Try it
Restate word for word the lines below from the one that has "am Fuße einer" through the one that has "Leaves hang from", keeping both and dropping all pictures.

(Recorded information Opens)

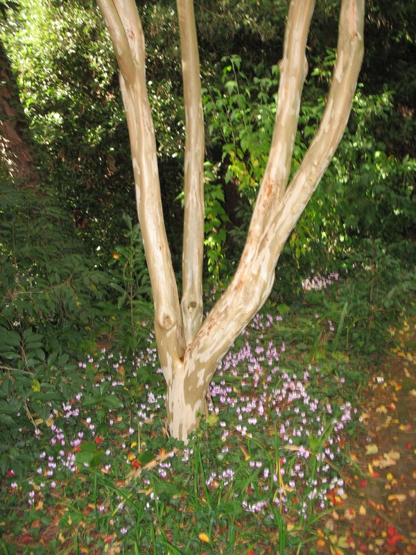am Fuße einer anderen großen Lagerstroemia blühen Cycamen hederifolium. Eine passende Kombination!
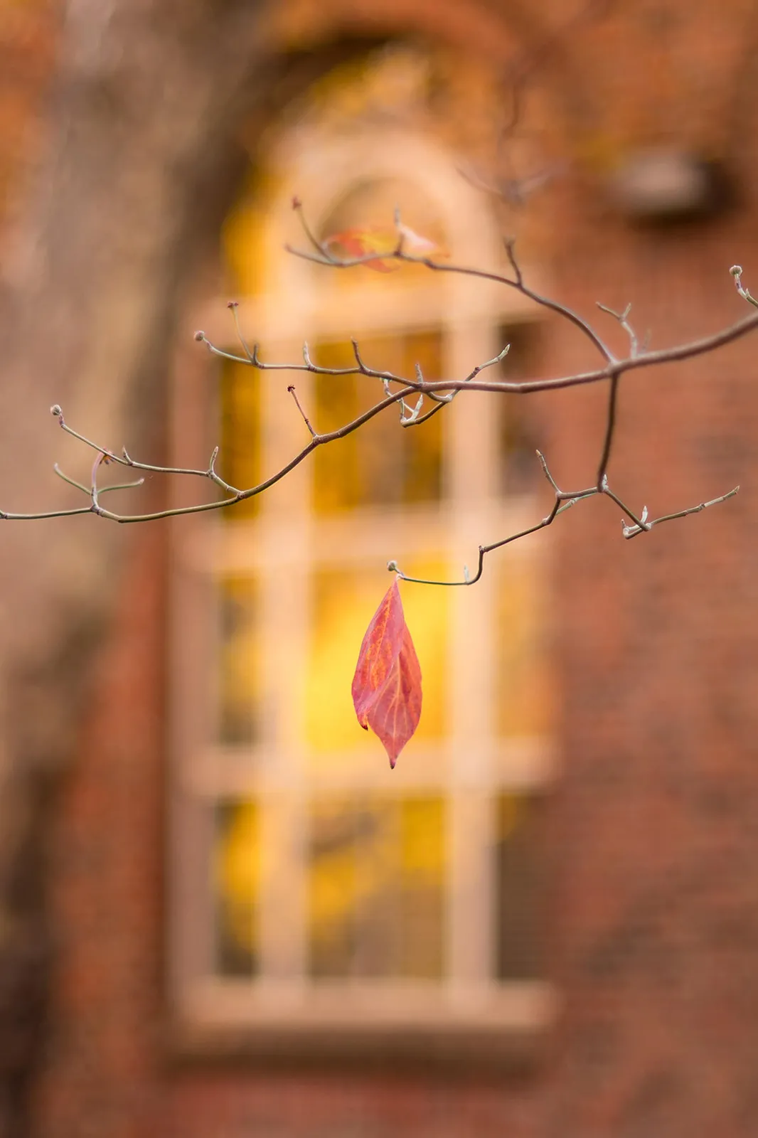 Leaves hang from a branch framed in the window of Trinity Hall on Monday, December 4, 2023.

(Recorded information Closes)
(Recorded information Opens)

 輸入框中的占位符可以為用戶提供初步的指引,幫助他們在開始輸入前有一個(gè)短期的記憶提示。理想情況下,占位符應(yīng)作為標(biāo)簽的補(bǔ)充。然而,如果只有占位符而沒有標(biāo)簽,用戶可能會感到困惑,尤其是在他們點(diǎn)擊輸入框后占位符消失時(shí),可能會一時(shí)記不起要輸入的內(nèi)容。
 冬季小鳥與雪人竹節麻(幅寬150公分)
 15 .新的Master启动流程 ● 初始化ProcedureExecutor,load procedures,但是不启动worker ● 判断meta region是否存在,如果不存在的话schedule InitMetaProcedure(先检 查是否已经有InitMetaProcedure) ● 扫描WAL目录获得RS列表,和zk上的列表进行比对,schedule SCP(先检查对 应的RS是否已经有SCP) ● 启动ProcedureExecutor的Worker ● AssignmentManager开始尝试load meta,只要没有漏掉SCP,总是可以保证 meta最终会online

(Recorded information Closes)
(Recorded information Opens)

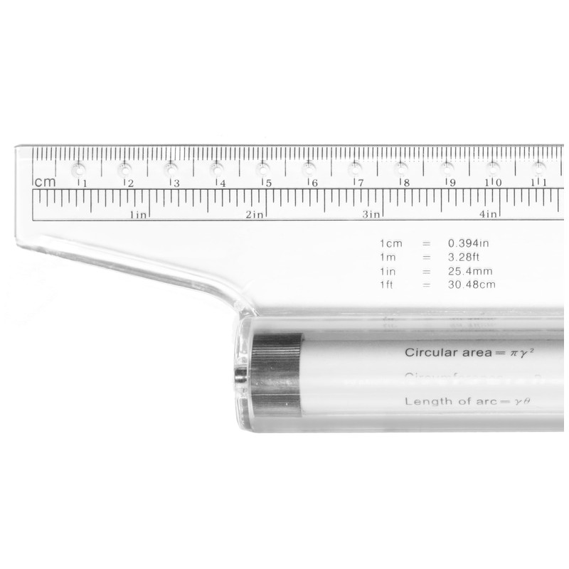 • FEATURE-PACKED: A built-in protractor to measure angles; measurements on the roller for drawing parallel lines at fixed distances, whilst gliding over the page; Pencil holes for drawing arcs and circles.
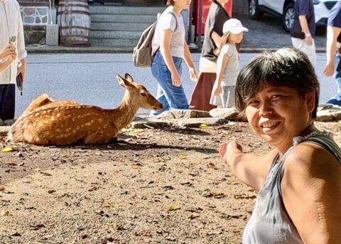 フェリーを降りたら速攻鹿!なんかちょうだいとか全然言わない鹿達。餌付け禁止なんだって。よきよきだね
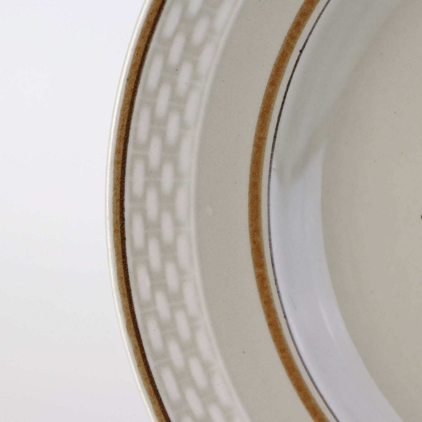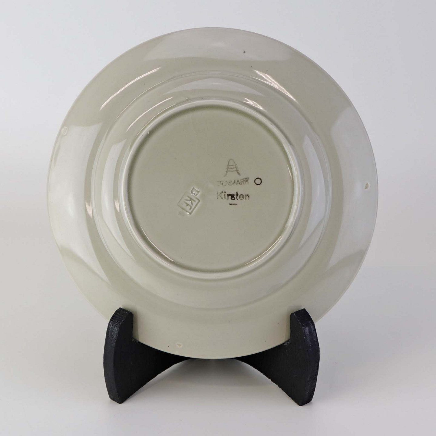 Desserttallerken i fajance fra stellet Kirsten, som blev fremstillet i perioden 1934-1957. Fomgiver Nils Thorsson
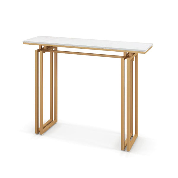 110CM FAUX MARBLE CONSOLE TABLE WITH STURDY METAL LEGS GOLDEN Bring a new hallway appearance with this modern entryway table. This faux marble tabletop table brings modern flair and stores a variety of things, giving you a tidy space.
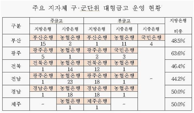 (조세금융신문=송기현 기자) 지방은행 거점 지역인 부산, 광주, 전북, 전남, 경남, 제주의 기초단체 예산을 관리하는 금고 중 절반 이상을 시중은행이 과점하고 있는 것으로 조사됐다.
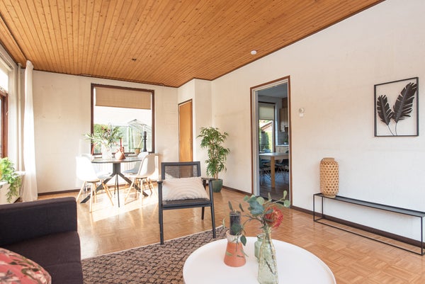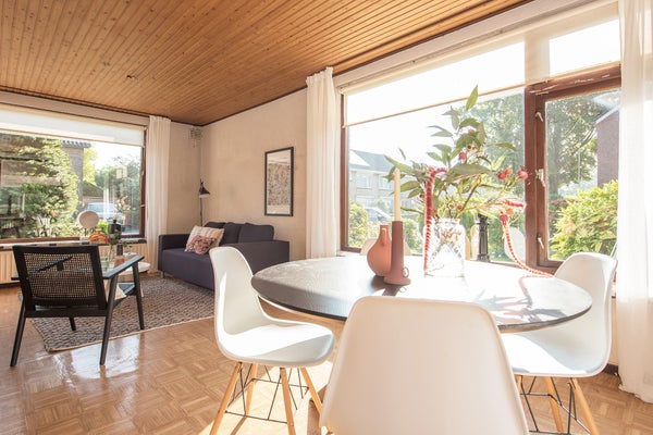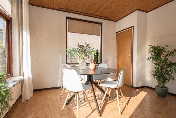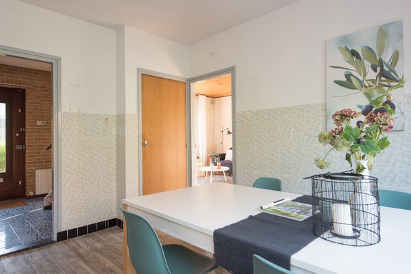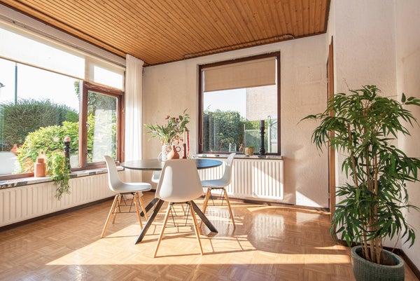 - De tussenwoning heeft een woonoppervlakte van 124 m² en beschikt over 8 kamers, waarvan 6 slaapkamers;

(Recorded information Closes)

Output of the task
am Fuße einer anderen großen Lagerstroemia blühen Cycamen hederifolium. Eine passende Kombination!
 Leaves hang from a branch framed in the window of Trinity Hall on Monday, December 4, 2023.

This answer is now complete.